The religious people continue trying to trap Jesus but over and over again throughout the course of the conversation, he confounds, confuses, impresses, shocks and completely destroys their arguments. He then goes on the offensive, asking his own questions, and the outcome was?—

“And no one was able to answer him a word, nor from that day did anyone dare to ask him any more questions.”

After the subtle questions and answers though, Jesus goes all out, proclaiming publicly seven ‘woes’ agains the religious leaders among other things (Mt 23:1-39; Mk 12:38-40; Lk 20:45-47). There is no doubt now. Jesus is against the religious leaders, and only one can come out of this unscathed.

Jesus leaves the temple after spending the day there. Jesus predicts that the temple will be thrown down and that not one stone would be left on top of the other. This happens in AD 70 when the Romans sack Jerusalem in our physical reality, and happens spiritually because the temple God inhabits is now His people.

So now, we understand a whole lot more about what is happening this week. The motivations for each party are clear.
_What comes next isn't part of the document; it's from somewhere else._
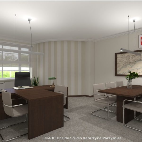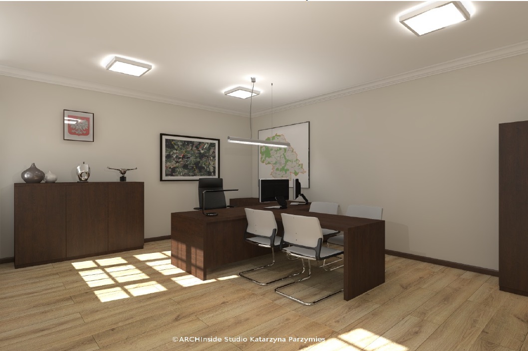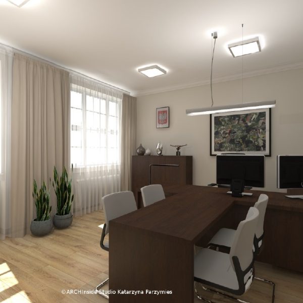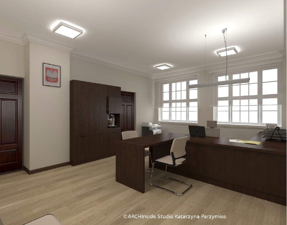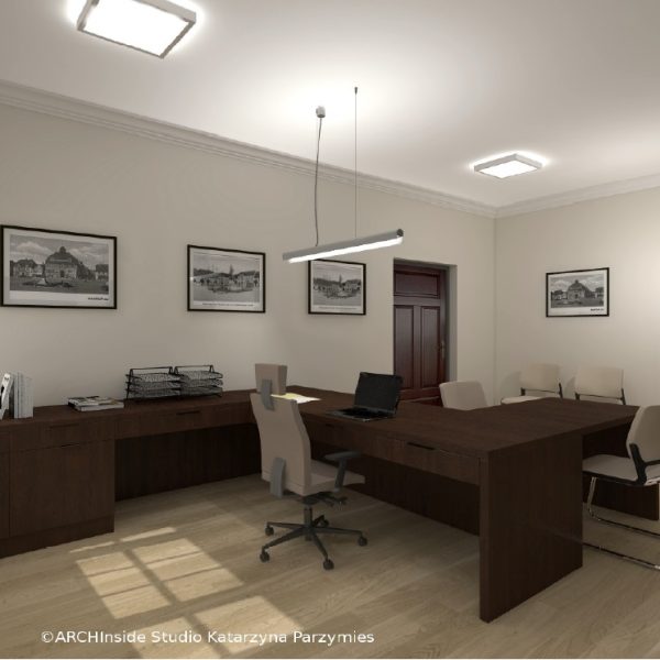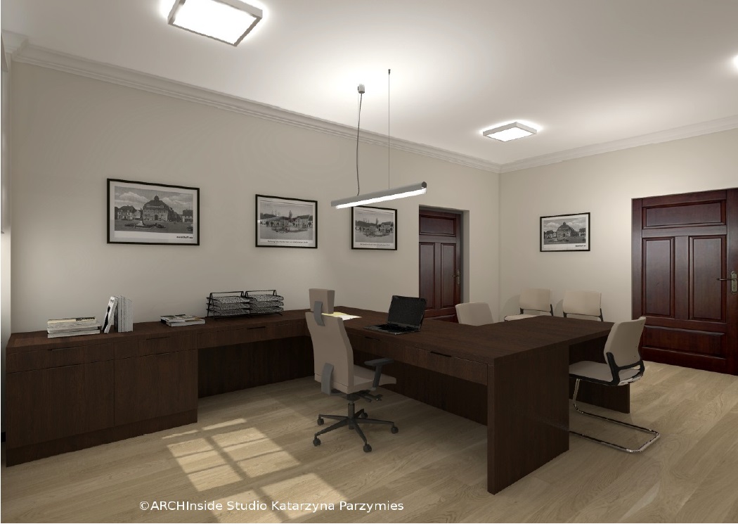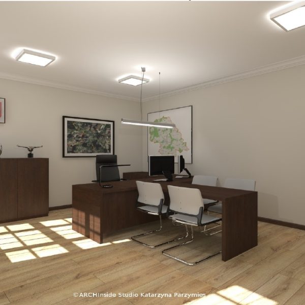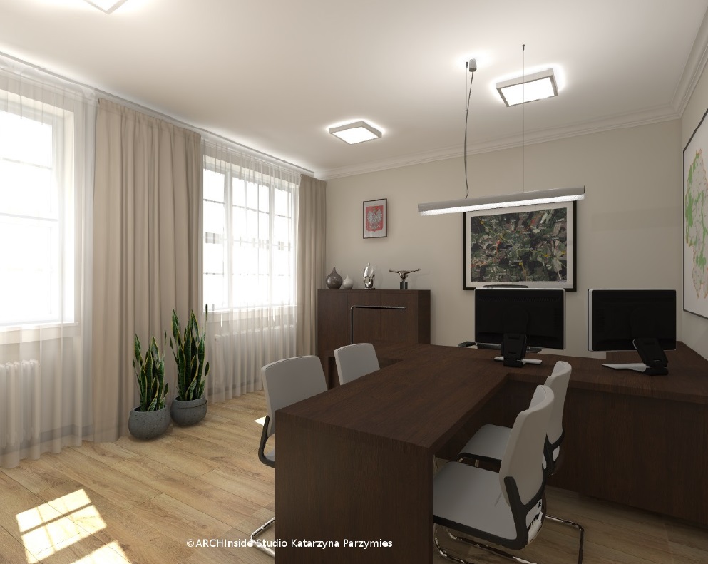 Kontrakt opiewał na kwote ok. 50 tys zł brutto. Dostarczyliśmy krzesła konferencyjny, fotele biurowe oraz meble . Wszystkie biurka, szafy, regały , stół konferencyjny, komody i pomocniki zostały wykonane na zamówienie w stolarni pod nadzorem Pani projektant Katarzyny Parzymies.

The pharisees and religious leaders want Jesus dead—he is the biggest threat they’ve faced. Jesus wants the authority of the pharisees and religious leaders overthrown and replaced with his own. The Romans are keeping a watchful eye because for them, they want the peace to be kept.

[The book itself says it the best way…]

“The king has come for his kingdom and has issued a clear and direct challenge to the reigning structures of political, economic and religious power. The drama can end in only one of two ways. Either Jesus will topple the reigning powers and establish his messianic kingdom—or he will be killed. No one at that time could possibly comprehend that in God’s mysterious plan, there was a third option.”